As to the complete disintegration of his practice, some facts are definitely very relevant. My hon. Friend has referred to the dates of illness and has said that the figures of growth of the practice between 1951 and 1956 are not relevant. But this is not the first time that a claim has been made upon the ground of ill-health. Dr. X made a claim in 1951, at a time when the number of his patients was 1,583. By 1st July, 1956 — just before he again made a claim—they had risen to 2,381.

Mr. Bell

My hon. Friend will agree that the first claim was made in respect of a motor car accident, from which the doctor made a fortunate recovery.

Mr. Vaughan-Morgan

Yes, but I wanted to remind my hon. Friend that this was not the first time that a claim had been made.

On 1st January, 1957—just after he had made the new claim—the number of his patients had risen to 2,424, and during the last quarter—while my hon. Friend and I have been in correspondence upon the subject—there has been a further increase, to 2,489, as I am sure my hon. Friend will be glad to learn. This is on the doctor's own list, and not the partner's.

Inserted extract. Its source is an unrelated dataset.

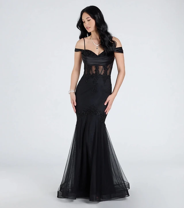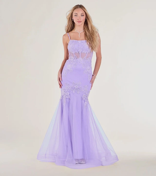 Cesca Corset Slit Mesh Formal Dress

Whatever these figures show, they cannot in any way be interpreted as complete disintegration, nor, as has been alleged, do they support the contention that his illness would result in a permanent decrease in his capacity for work. The figures which I have given with regard to his practice do not include those of the doctor with whom he is working.

Under normal circumstances of a partnership, two partners would be able to receive extra payment upon the notional list basis because of the loading between 500 and 1,500. But Dr. X's application to receive extra payment has been rejected by the Executive Council on the ground that the arrangement he has come to with another doctor is not in fact a bona fide partnership, and that the other doctor concerned might be considered to be engaged more in the capacity of an assistant than a partner. In fact, he has his own list.

It is for those reasons that we have been quite unable to accept this claim, but my hon. Friend also went on to criticise the wording of the handbook. I note what he says, but I think that from the evidence I have already given it is fair to say that any misunderstanding which may have arisen from the wording is certainly not widespread. I will, however, consider his remarks and representations, and will see whether any better wording can be found. Frankly, I rather doubt it. Of course, before any changes are made, we would, in any case, have to consult representatives of the profession.